Computational models to predict and dissect mechanistically drug sensitivity in cancer
Session type: Symposia
Predicting the response of a patient to a therapy is a major goal in modern oncology and a requisite to develop a personalised treatment. To model the heterogeneous response of patients to treatment, high-throughput screenings of therapeutic compounds against a panel of heterogeneous cancer cell lines have been performed. These studies have unveiled multiple relationships between genomic alterations and drug responses. Various computational approaches have been proposed to predict sensitivity based on genomic features, while others have used the chemical properties of the drugs to ascertain their effect. In an effort to integrate these complementary approaches, we have developed machine learning models to predict the response of cancer cell lines to drug treatment based on both the genomic features of the cell lines and the chemical properties of the considered drugs. Genomic data is integrated with various sources of prior knowledge whenever possible.

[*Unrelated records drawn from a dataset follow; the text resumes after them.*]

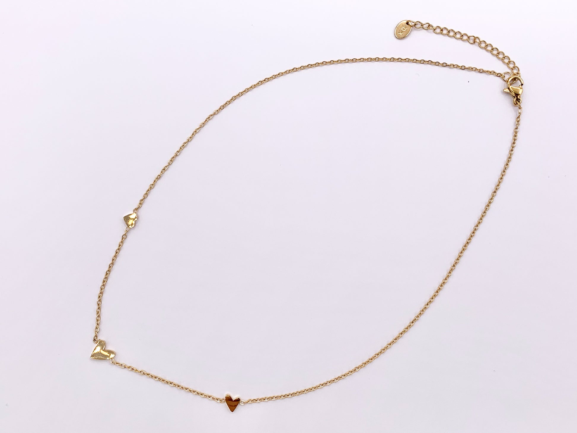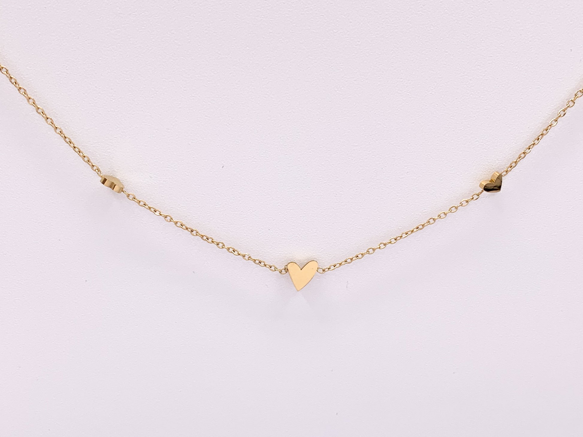 These delicate heart necklaces are made with Gold plated stainless steel.
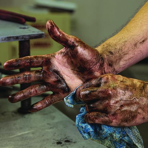 10 X 12Combines an advanced cleaning formula with a strong, dual-textured towel to thoroughly clean hands and surfaces ANYWHERE, ANYPLACE, ANYTIME![R]. Clean, citrus fragrance. No sticky residue. Advanced cleaning power. 10″ x 12″ wipe. The clean, citrus-scented formula loosens and dissolves industrial soils while leaving hands free from dryness and irritation. The Rough Touch[R] blue towel locks in soil to prevent it from transferring back onto hands and surfaces. Hands are left feeling clean with no sticky residue and no rinsing required. No soap! No water! No problem![TM]. Removes: Dirt, tar, oils, grease, paints, adhesives, epoxies, caulks, inks and dyes, urethanes, lubricants, “Icky-PIC”, cable jelly, asphalt.
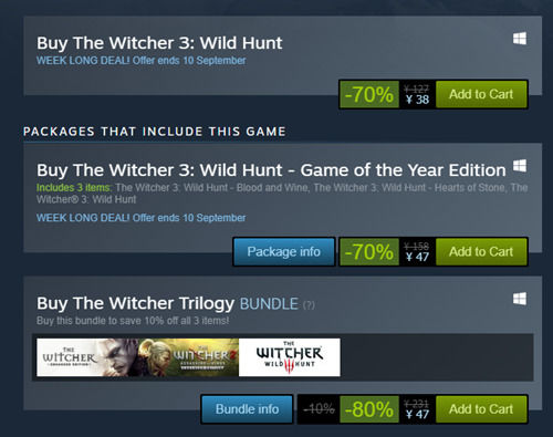 《巫师3:狂猎》及其年度版结束了“限时原价”,又开启了打折,游戏本体售价38元,年度版售价47元。如果你仍然没有入手的话不妨去Steam看看,特惠截止到9月10日。
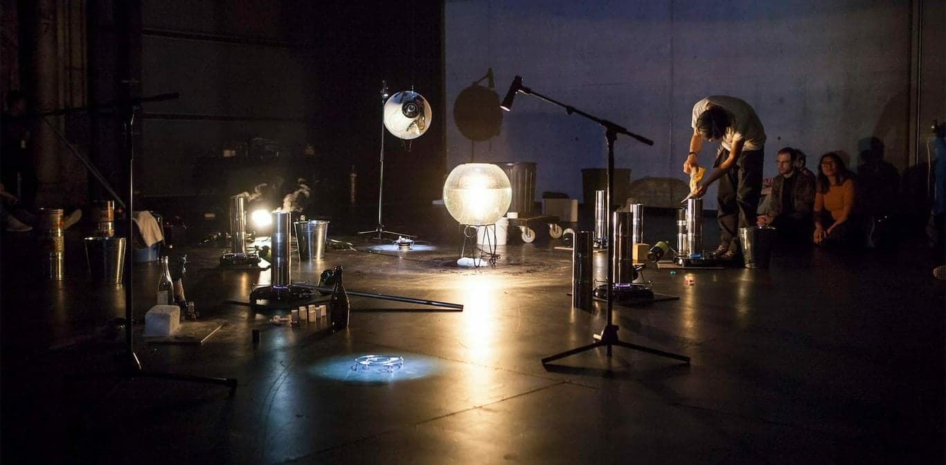 Tetsuya Umeda conçoit ses performances à partir d’objets et produits quotidiens et crée ici un parcours jalonné de dispositifs sonores. Influencé par l'idée de « Narikama », un ancien rituel japonais pratiqué depuis deux-mille ans, il installe par exemple un cylindre qui produit un son d'une beauté inattendue grâce à un procédé particulièrement simple : verser de l'eau à l'intérieur, la porter à ébullition, puis y placer une poignée de riz cru. À partir de cette séquence il multiplie les expériences – quasi culinaires – pour générer un récit chimique, alchimique et surtout poétique. Calme et concentré, préférant la lenteur, il nous fait rentrer dans un espace qui s’emplit de fumée, vapeur d’eau et volutes de glace carbonique.

These computational models can be used to optimise the experimental design of drug-cell screenings as well as to screen in silico novel compounds, thus identifying novel new drug repositioning opportunities. They also point at molecular processes involved in resistance mechanisms, thus proposing systems to analyse in a mechanistic fashion. These mechanisms can then be characterised in detail using pathway models. Specifically, we build logic models based on phosphoproteomic measurements upon ligand stimulation and perturbation with drugs, and use these models to dissect biochemically the mechanism of action of targeted therapeutics, and understand the molecular basis of drug resistance.